Data provided =
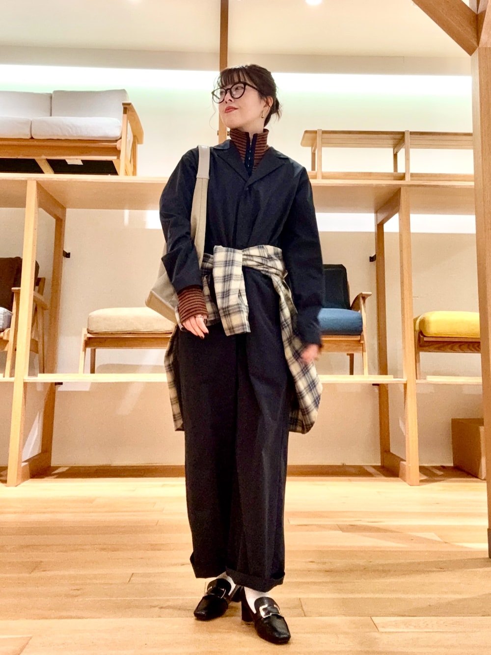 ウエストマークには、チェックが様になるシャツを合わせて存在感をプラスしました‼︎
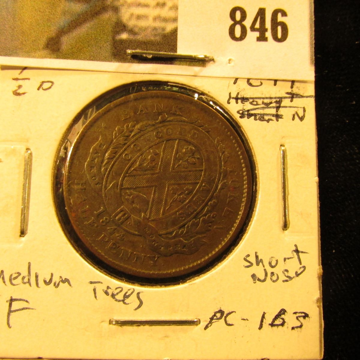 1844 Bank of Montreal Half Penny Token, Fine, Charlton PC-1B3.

* * *

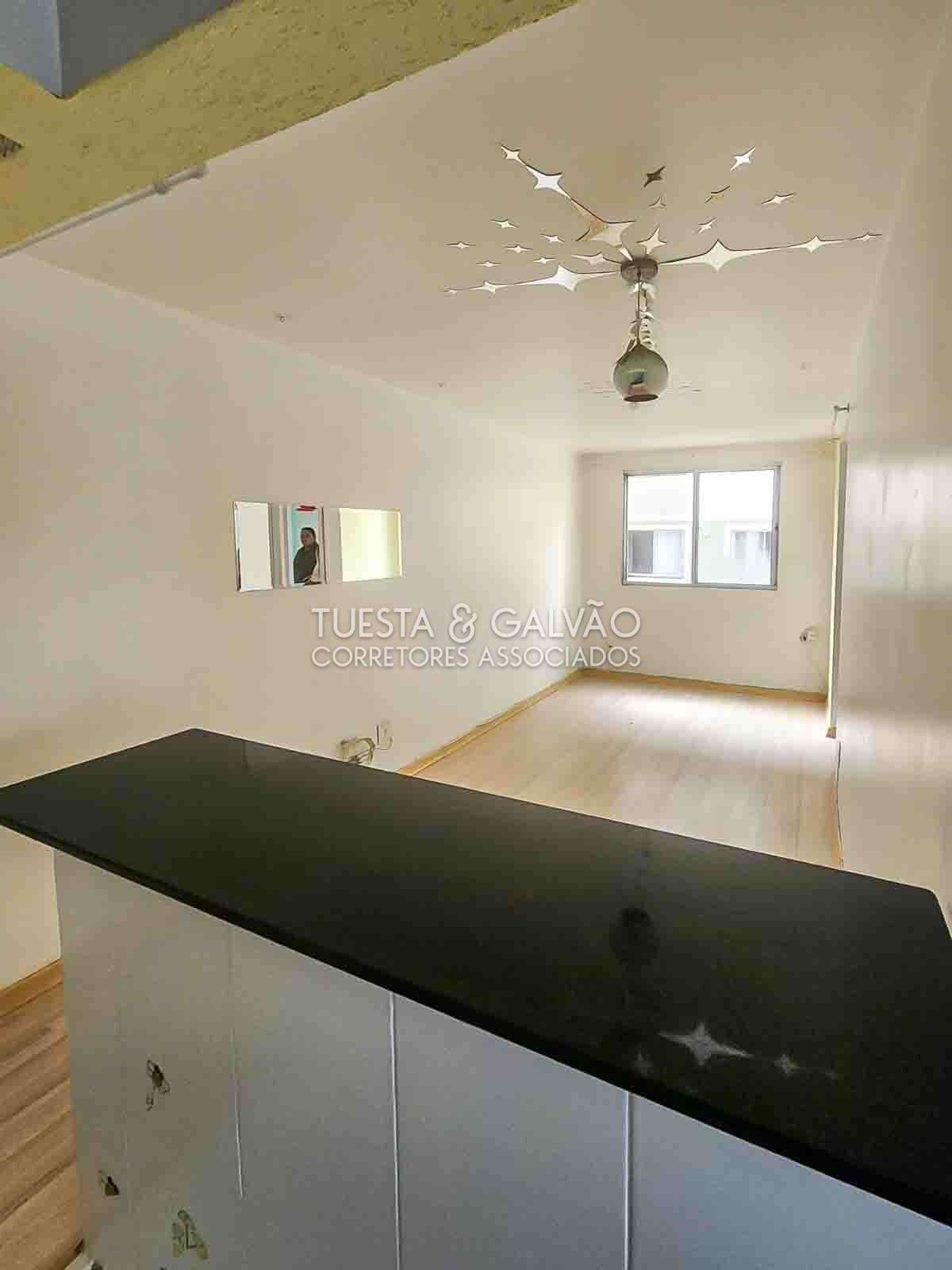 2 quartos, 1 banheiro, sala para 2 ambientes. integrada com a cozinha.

==

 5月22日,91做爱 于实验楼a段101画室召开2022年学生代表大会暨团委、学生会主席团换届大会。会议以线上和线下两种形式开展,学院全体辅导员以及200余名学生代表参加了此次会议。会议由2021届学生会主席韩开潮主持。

Task item = In the records above, everything from the line with "ウエストマークには、チェック" down to the line with "1844 Bank of" must be duplicated exactly, both lines kept. Leave no pictures in.

Answer area =
 ウエストマークには、チェックが様になるシャツを合わせて存在感をプラスしました‼︎
 1844 Bank of Montreal Half Penny Token, Fine, Charlton PC-1B3.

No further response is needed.